The imaginary part of the heavy-quark potential from real-time Yang-Mills dynamics

TL;DR

This study uses classical-statistical simulations of real-time Yang-Mills dynamics to extract the imaginary part of the heavy-quark potential, comparing results with theoretical models and exploring non-perturbative effects across various conditions.

Contribution

It provides a novel non-perturbative calculation of the imaginary part of the heavy-quark potential from real-time Yang-Mills simulations, including its dependence on separation and temperature.

Findings

Good agreement with semi-analytic hard classical loop results at small distances.

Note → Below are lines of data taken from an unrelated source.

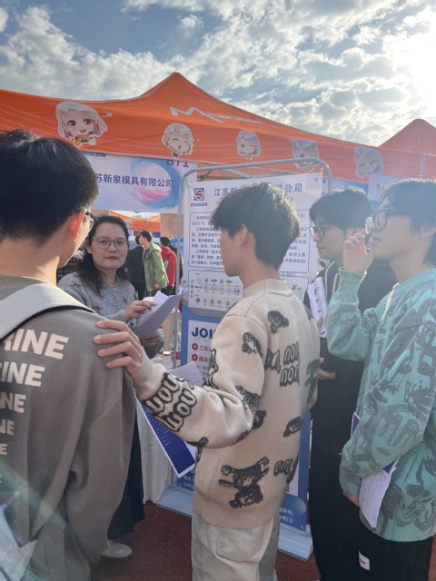 本次招聘会在学院访企拓岗的基础上,汇聚了德力佳传动科技(江苏)股份有限公司、江苏新泉模具有限公司、常州华威模具有限公司、常州星宇车灯股份有限公司等26家优质企业,提供了包含设备检测、模具维修、注塑工艺、质量控制、生产管理储备等1000多个专业对口的实习岗位,精准对接区域产业发展需求。
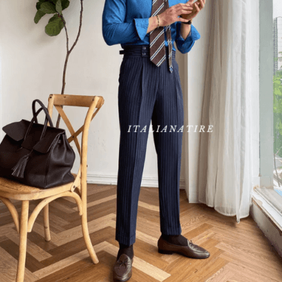 Navy Striped Buttoned Gurkha Pants -by-Italian Atire
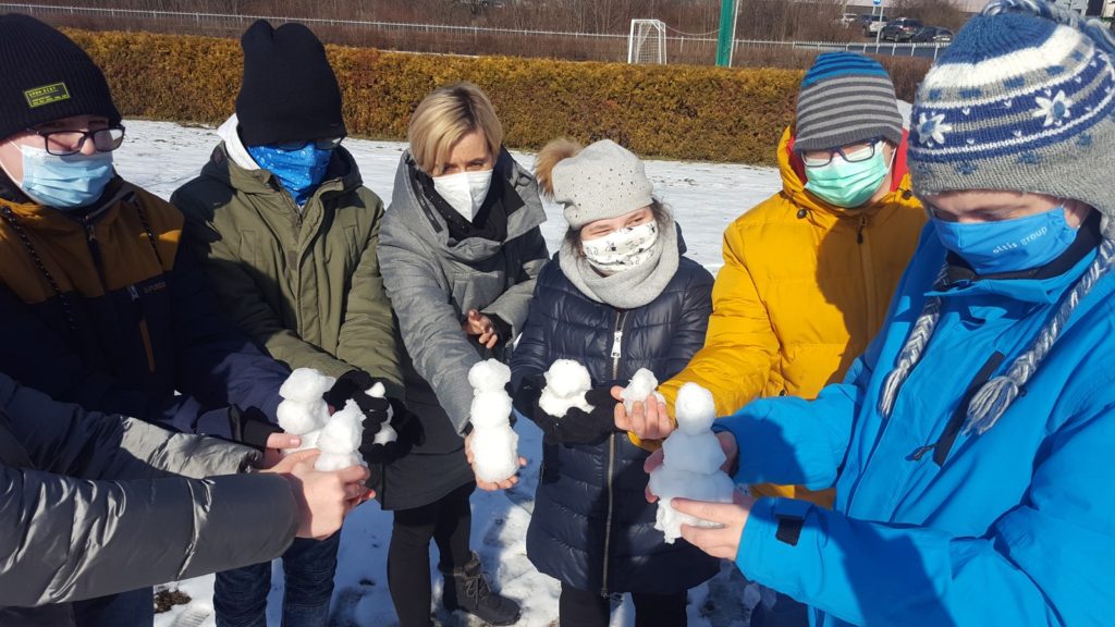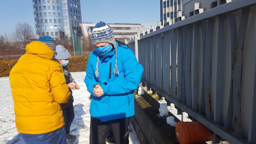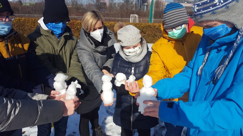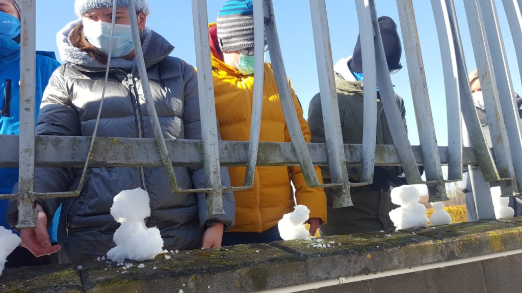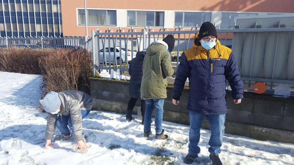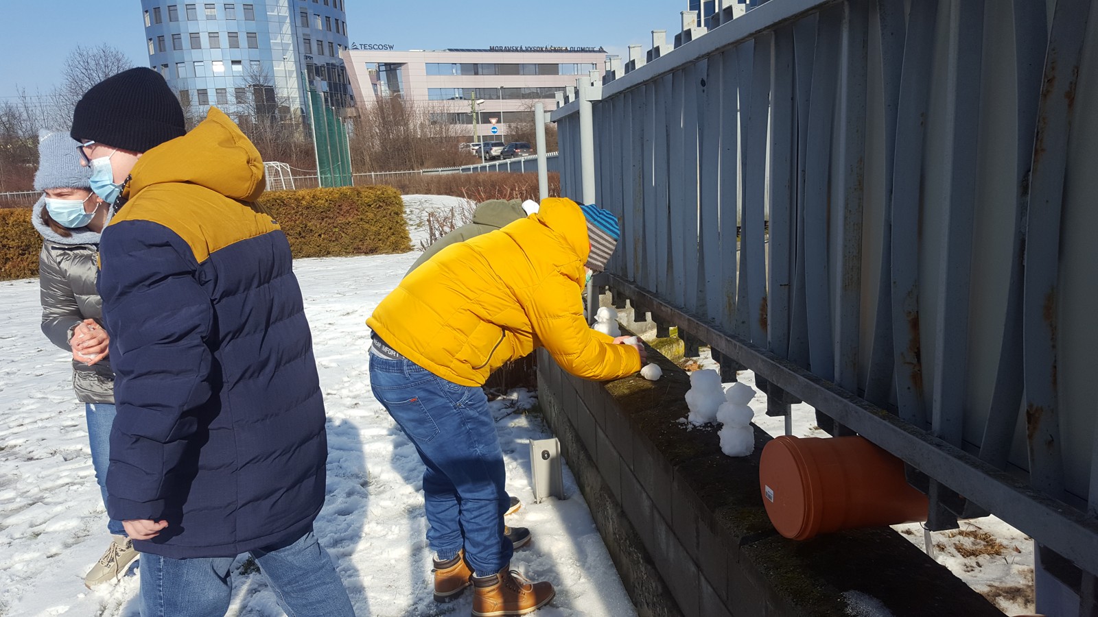 Zkusili jsme si z posledních zbytků sněhu postavit každý svého sněhuláka, teda spíš takové sněhuláčí miminko a udělali jsme si sněhuláčí přehlídku. 😊 Ale že nás potom studily ruce! Tak jsme se chvíli vyhřívali v paprscích jako ještěrky a dobíjeli jsme „baterky“. Koukali jsme na sluníčko přes úlomky ledu a pozorovali, jak se v nich láme světlo.
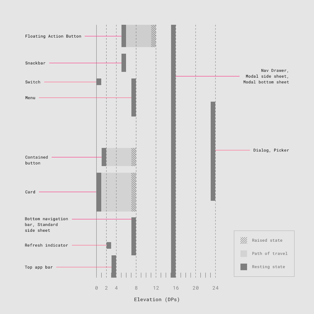 The design system provides a set of pre-defined SCSS placeholder selectors which allow consistent application of realistic-looking shadows which map to a range of elevations from 1dp to 24dp.
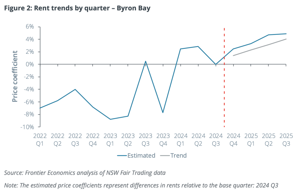 Frontier Economics’ analysis of publicly available rental bond data shows median rents in Byron Bay have been consistently above those in Greater Sydney.
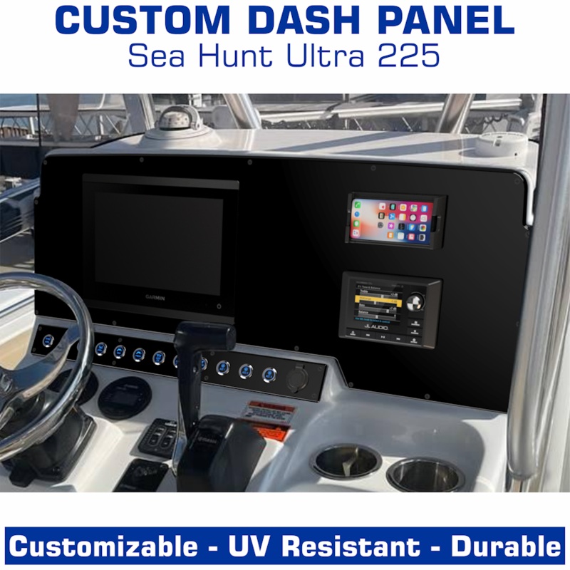 Replacement center console dash & switch panels (two parts).TheSea Hunt Ultra 225 consoleconsists of a 2-part panel setup. There is a dash panel and a switch panel. This listing is for ablankdash panel, and a blank switch panel or apre-designedswitch panel
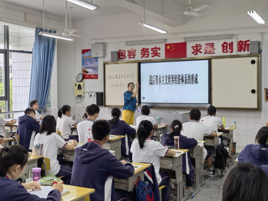 赵琼老师在高三(2)班执教的《战后资本主义世界经济体系的确立》一课,结构完整,立意新颖。从概念入手、设疑,充分调动学生兴趣与思维的同时,加强了学生对本课地位的理解,体现了“大单元设计”理念。以四个探究题展开教学,在问——答——思——点评中兼顾了基础知识与能力拓展。以“特里芬难题”这一悖论的分析,锻炼学生分析、比较的思维能力。最后引导学生体味新时代中国突破经济体系的理念与行动,坚持“四个自信”使教学得到升华,听课老师无不拍手叫绝。

Identification of non-perturbative long-range corrections at large separations.

Minimal lattice spacing sensitivity for small $m_D r$ values.

Abstract

We extract the imaginary part of the heavy-quark potential using classical-statistical simulations of real-time Yang-Mills dynamics in classical thermal equilibrium. The $r$-dependence of the imaginary part of the potential is extracted by measuring the temporal decay of Wilson loops of spatial length $r$. We compare our results to continuum expressions obtained using hard thermal loop theory and to semi-analytic lattice perturbation theory calculations using the hard classical loop formalism. We find that, when plotted as a function of $m_D r$, where $m_D$ is the hard classical loop Debye mass, the imaginary part of the heavy-quark potential shows little sensitivity to the lattice spacing at small $m_D r \lesssim 1$ and agrees well with the semi-analytic hard classical loop result. For large quark-antiquark separations, we quantify the magnitude of the non-perturbative long-range corrections to the imaginary part of the heavy-quark potential. We present our results for a wide range of temperatures, lattice spacings, and lattice volumes. This work sets the stage for extracting the imaginary part of the heavy-quark potential in an expanding non-equilibrium Yang Mills plasma.